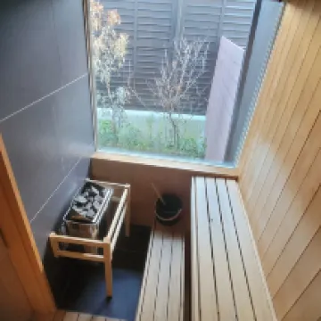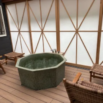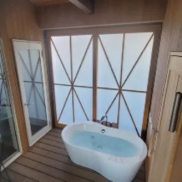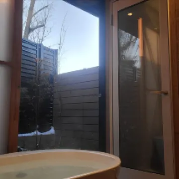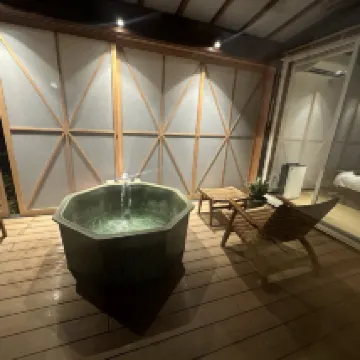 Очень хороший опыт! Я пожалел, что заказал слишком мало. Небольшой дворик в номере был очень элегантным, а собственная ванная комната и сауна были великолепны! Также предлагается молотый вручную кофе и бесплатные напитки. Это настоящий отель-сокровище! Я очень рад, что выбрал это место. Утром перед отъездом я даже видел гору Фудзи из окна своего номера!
++++++++++
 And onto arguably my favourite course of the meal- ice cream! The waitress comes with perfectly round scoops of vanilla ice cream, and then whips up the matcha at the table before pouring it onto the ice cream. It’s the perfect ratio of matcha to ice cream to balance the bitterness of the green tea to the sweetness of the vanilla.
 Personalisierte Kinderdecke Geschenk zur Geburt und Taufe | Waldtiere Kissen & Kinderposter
++++++++++
Try it
Given the data above, transcribe exactly the lines from the one containing "And onto arguably" down to the one containing "Personalisierte Kinderdecke Geschenk", and no others.

Problem solution
 And onto arguably my favourite course of the meal- ice cream! The waitress comes with perfectly round scoops of vanilla ice cream, and then whips up the matcha at the table before pouring it onto the ice cream. It’s the perfect ratio of matcha to ice cream to balance the bitterness of the green tea to the sweetness of the vanilla.
 Personalisierte Kinderdecke Geschenk zur Geburt und Taufe | Waldtiere Kissen & Kinderposter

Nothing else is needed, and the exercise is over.